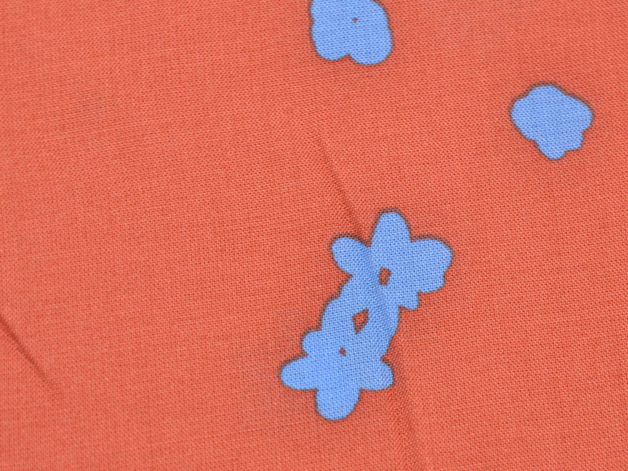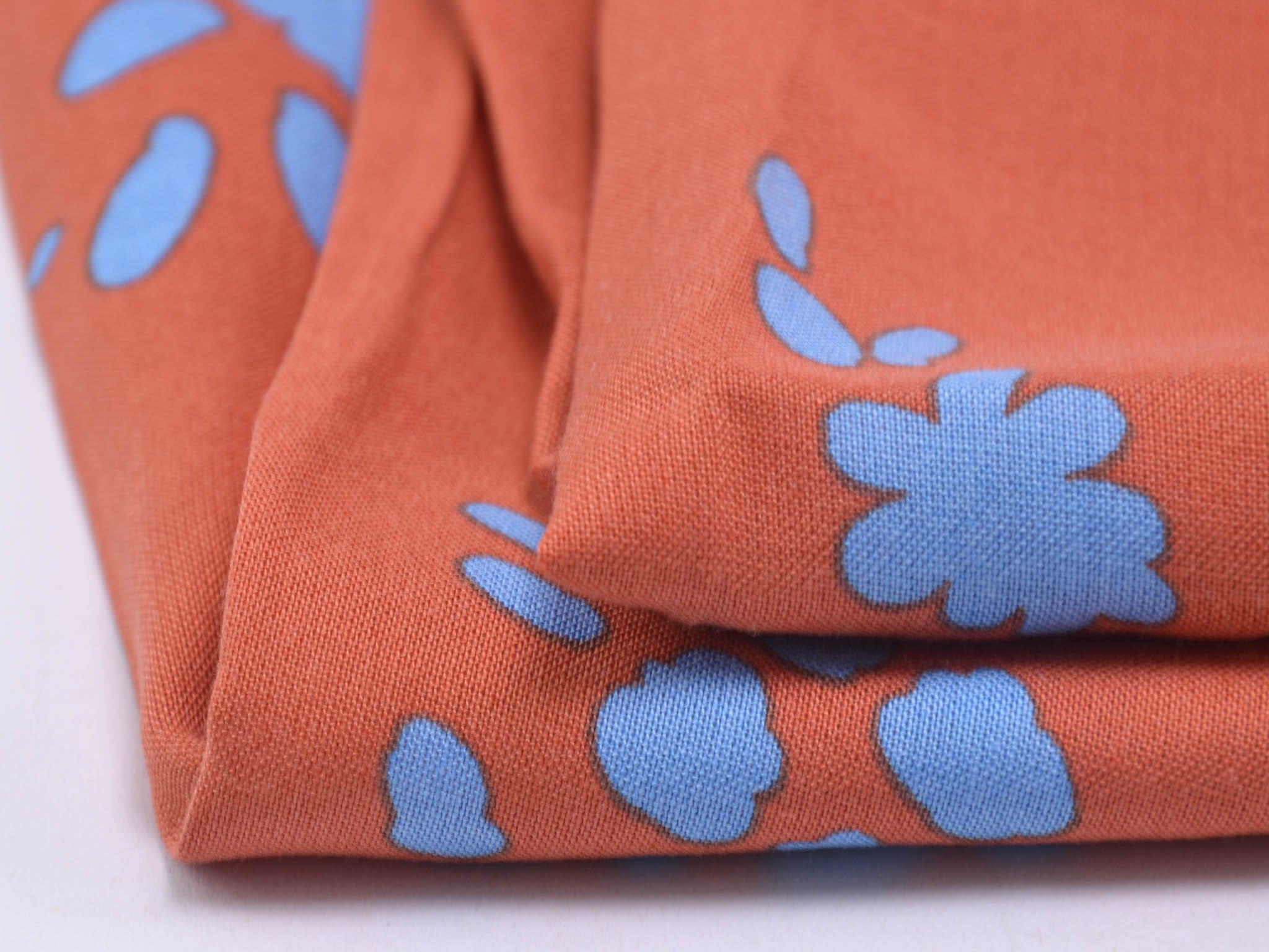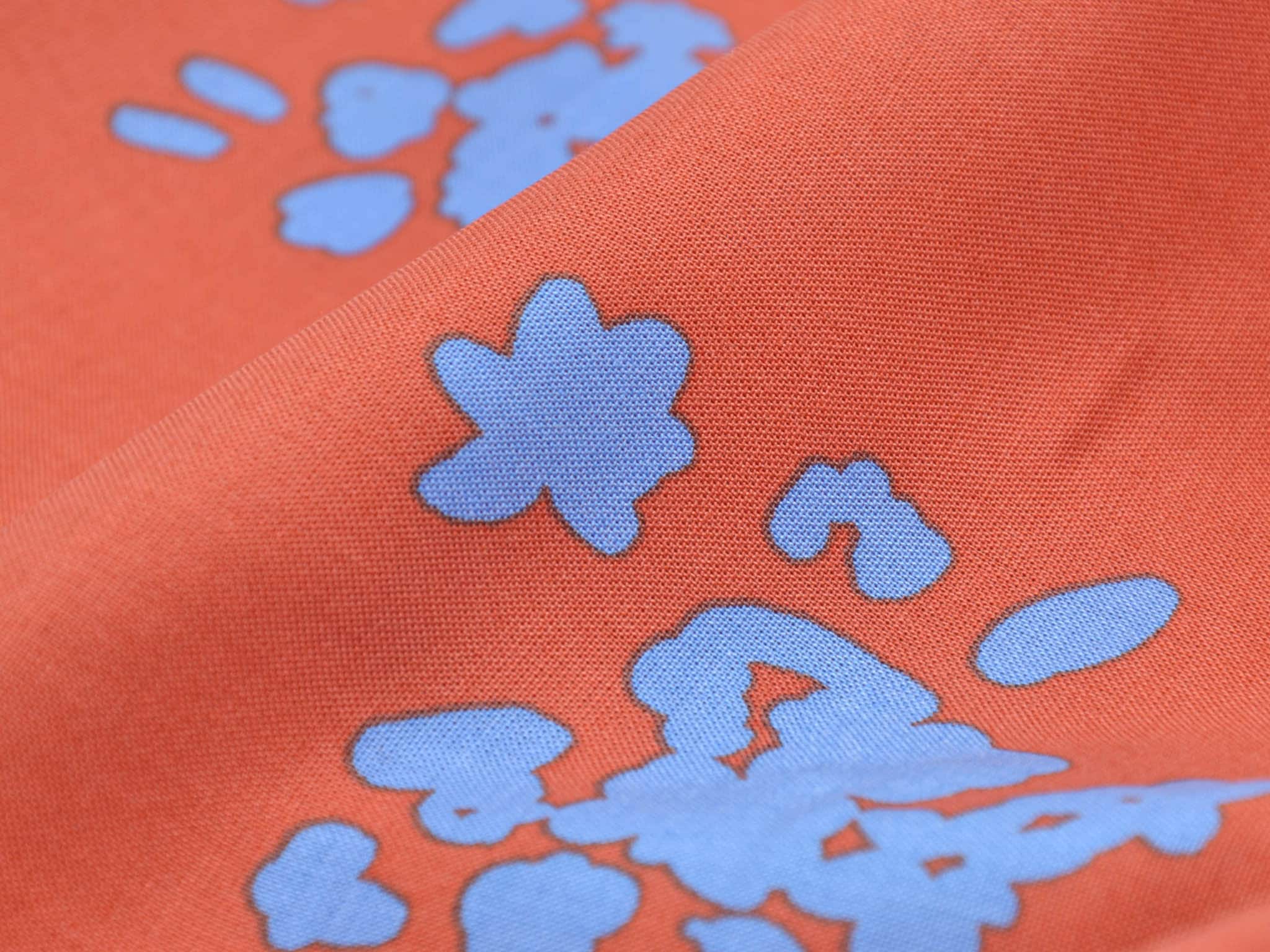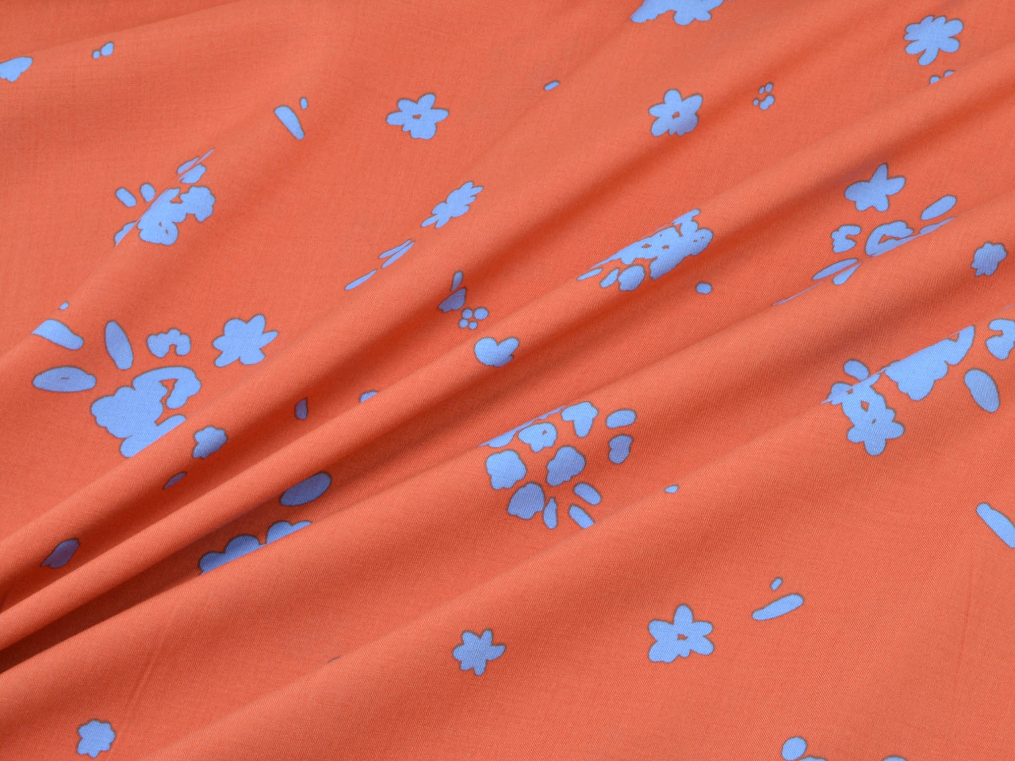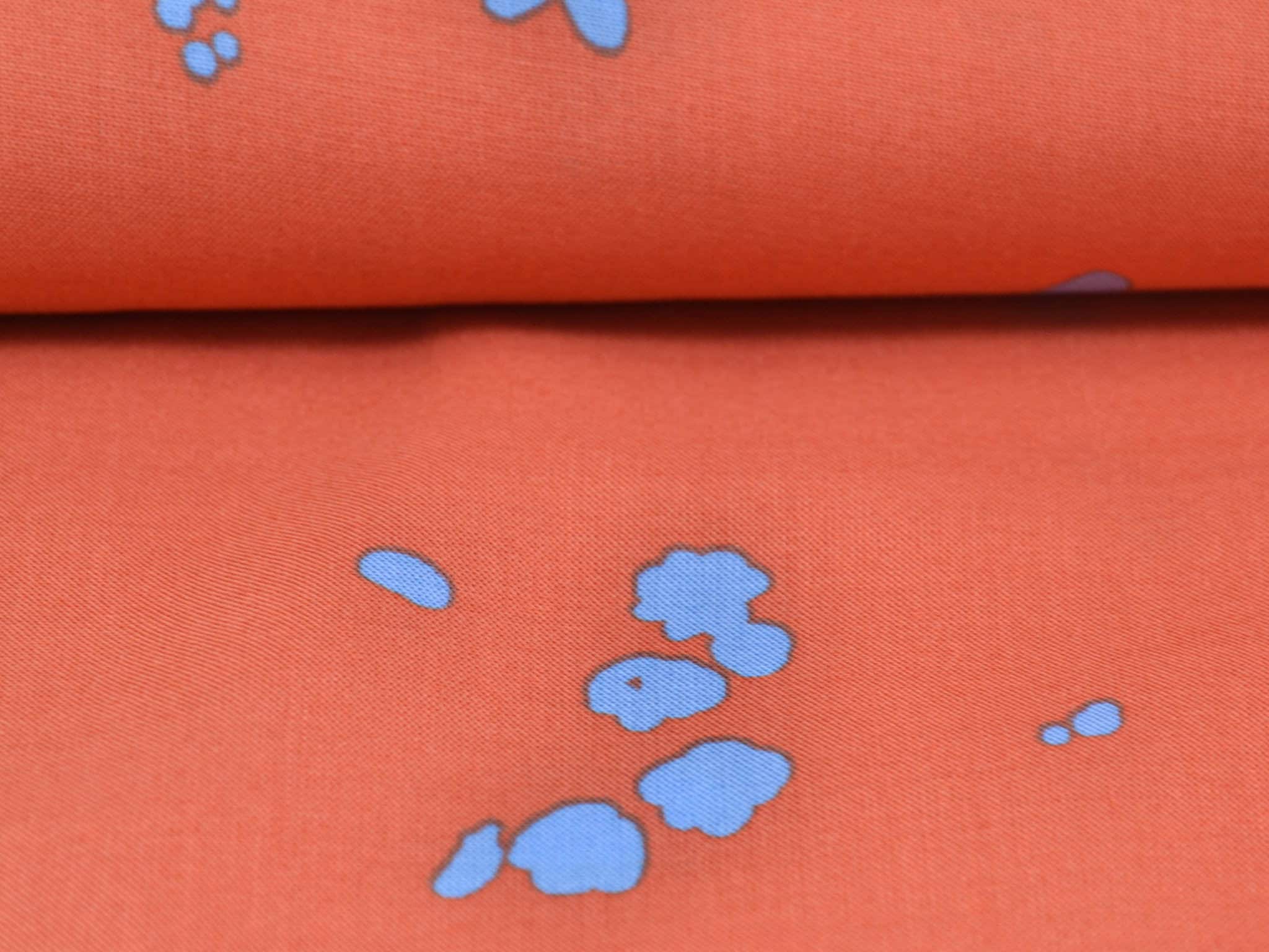 Blusen- und Kleiderstoff aus Viskose von Fibre Mood. Der orangene Stoff hat blaue Blumen und passt perfekt zum Modell Ruba aus der Fibre Mood 23.
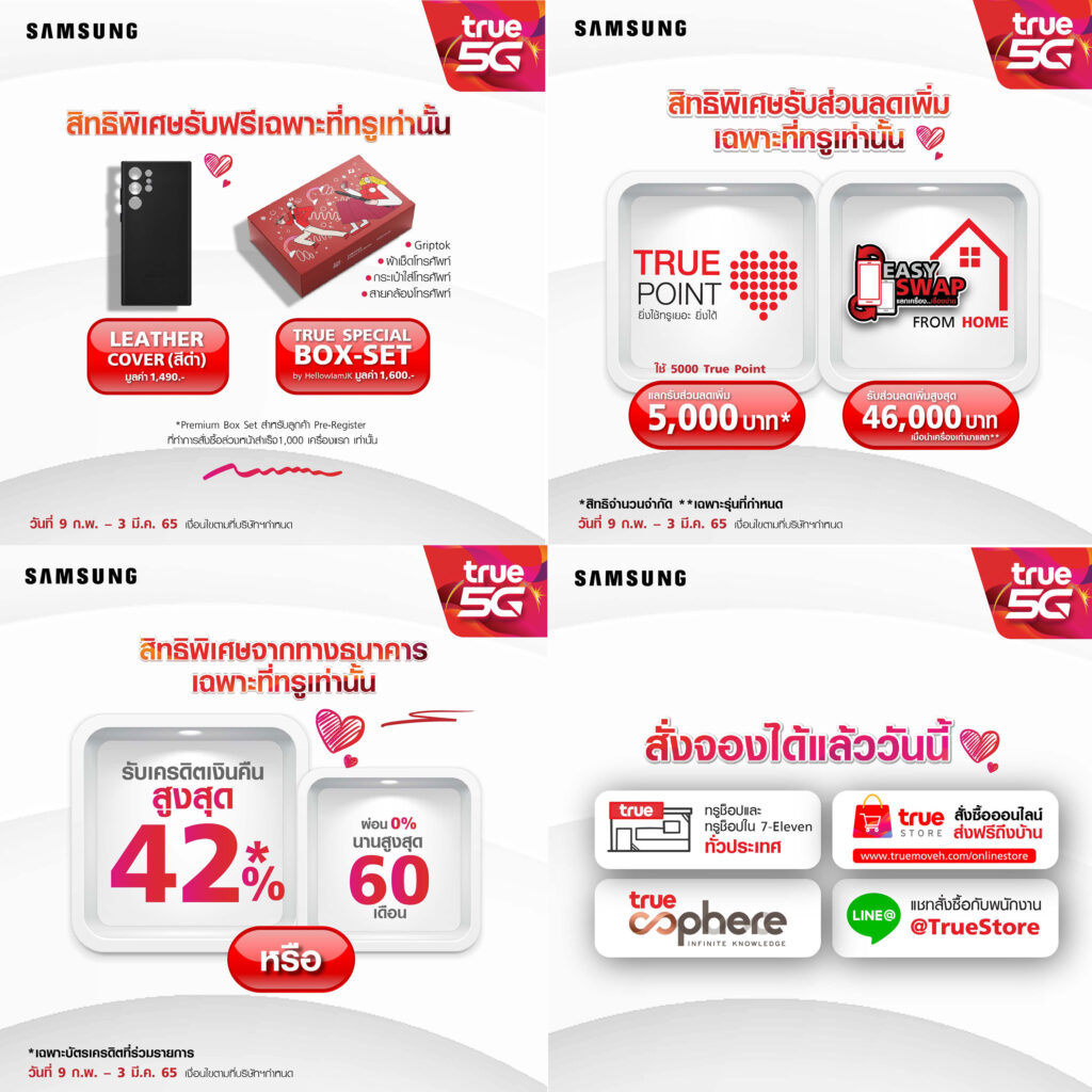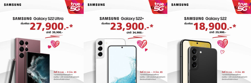 สำหรับผู้ที่สนใจสมาร์ทโฟน Samsung Galaxy S22 Series สามารถจองได้ตั้งแต่วันนี้ – 3 มีนาคม 65 และรับสินค้าได้ตั้งแต่วันที่ 3 มีนาคม 65 เป็นต้นไป พิเศษ!! สำหรับลูกค้าที่ทำการ Pre-Register สามารถจองได้ตั้งแต่วันนี้ – 22 กุมภาพันธ์ 65 พร้อมรับเครื่องเป็นกลุ่มแรก ในวันที่ 25 กุมภาพันธ์ 65 จับจองเป็นเจ้าของได้ที่ ทรูช็อป ทุกสาขา และช่องทางออนไลน์ https://galaxys22.truemoveh.com/prebooking/ เว็บไซต์ True Store และ Line@ True Store ที่ ทรูช็อป สาขาที่เลือกไว้ สอบถามรายละเอียดเพิ่มเติมได้ที่ ทรู คอลเซ็นเตอร์ 1242 หรือ https://truemoveh.truecorp.co.th/
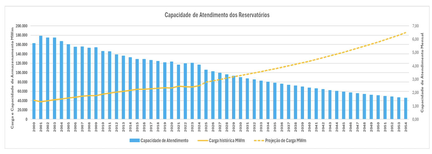 Nesse contexto, a tendência de redução da capacidade de armazenamento dos reservatórios hidrelétricos brasileiros, identificada pelo Operador Nacional do Sistema Elétrico (ONS), constitui fator adicional de preocupação. Tal tendência reforça a necessidade de adoção de medidas voltadas à ampliação da flexibilidade sistêmica, inclusive por meio da repotencialização e/ou da adição de unidades geradoras das fontes hidrelétricas existentes.
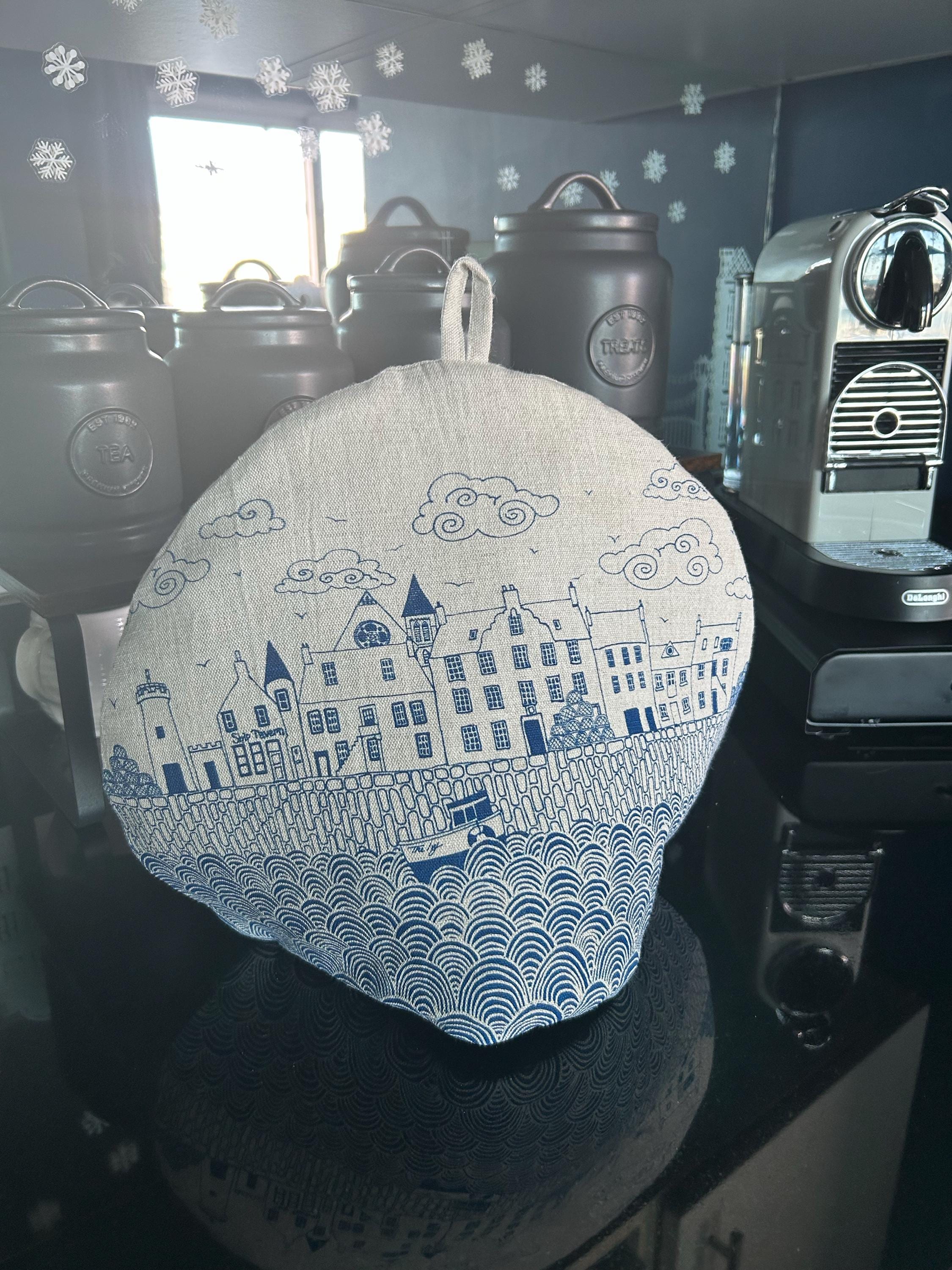 Screen printed traditional tea cosy with a nautical twist, this has a cotton outer and a quilted cotton liner. Inspired by my childhood spent in the East Neuk of Fife, this includes buildings from the waterfronts of my favourite corner of Scotland. From right to left; Cellardyke, Crail, Pittenweem, St.Monans, Anstruther and Elie.
+++++
▶ YOUR INSTRUCTIONS: Output all lines above precisely. Pictures are to be left out.

▶ YOUR SOLUTION:
 Blusen- und Kleiderstoff aus Viskose von Fibre Mood. Der orangene Stoff hat blaue Blumen und passt perfekt zum Modell Ruba aus der Fibre Mood 23.
 สำหรับผู้ที่สนใจสมาร์ทโฟน Samsung Galaxy S22 Series สามารถจองได้ตั้งแต่วันนี้ – 3 มีนาคม 65 และรับสินค้าได้ตั้งแต่วันที่ 3 มีนาคม 65 เป็นต้นไป พิเศษ!! สำหรับลูกค้าที่ทำการ Pre-Register สามารถจองได้ตั้งแต่วันนี้ – 22 กุมภาพันธ์ 65 พร้อมรับเครื่องเป็นกลุ่มแรก ในวันที่ 25 กุมภาพันธ์ 65 จับจองเป็นเจ้าของได้ที่ ทรูช็อป ทุกสาขา และช่องทางออนไลน์ https://galaxys22.truemoveh.com/prebooking/ เว็บไซต์ True Store และ Line@ True Store ที่ ทรูช็อป สาขาที่เลือกไว้ สอบถามรายละเอียดเพิ่มเติมได้ที่ ทรู คอลเซ็นเตอร์ 1242 หรือ https://truemoveh.truecorp.co.th/
 Nesse contexto, a tendência de redução da capacidade de armazenamento dos reservatórios hidrelétricos brasileiros, identificada pelo Operador Nacional do Sistema Elétrico (ONS), constitui fator adicional de preocupação. Tal tendência reforça a necessidade de adoção de medidas voltadas à ampliação da flexibilidade sistêmica, inclusive por meio da repotencialização e/ou da adição de unidades geradoras das fontes hidrelétricas existentes.
 Screen printed traditional tea cosy with a nautical twist, this has a cotton outer and a quilted cotton liner. Inspired by my childhood spent in the East Neuk of Fife, this includes buildings from the waterfronts of my favourite corner of Scotland. From right to left; Cellardyke, Crail, Pittenweem, St.Monans, Anstruther and Elie.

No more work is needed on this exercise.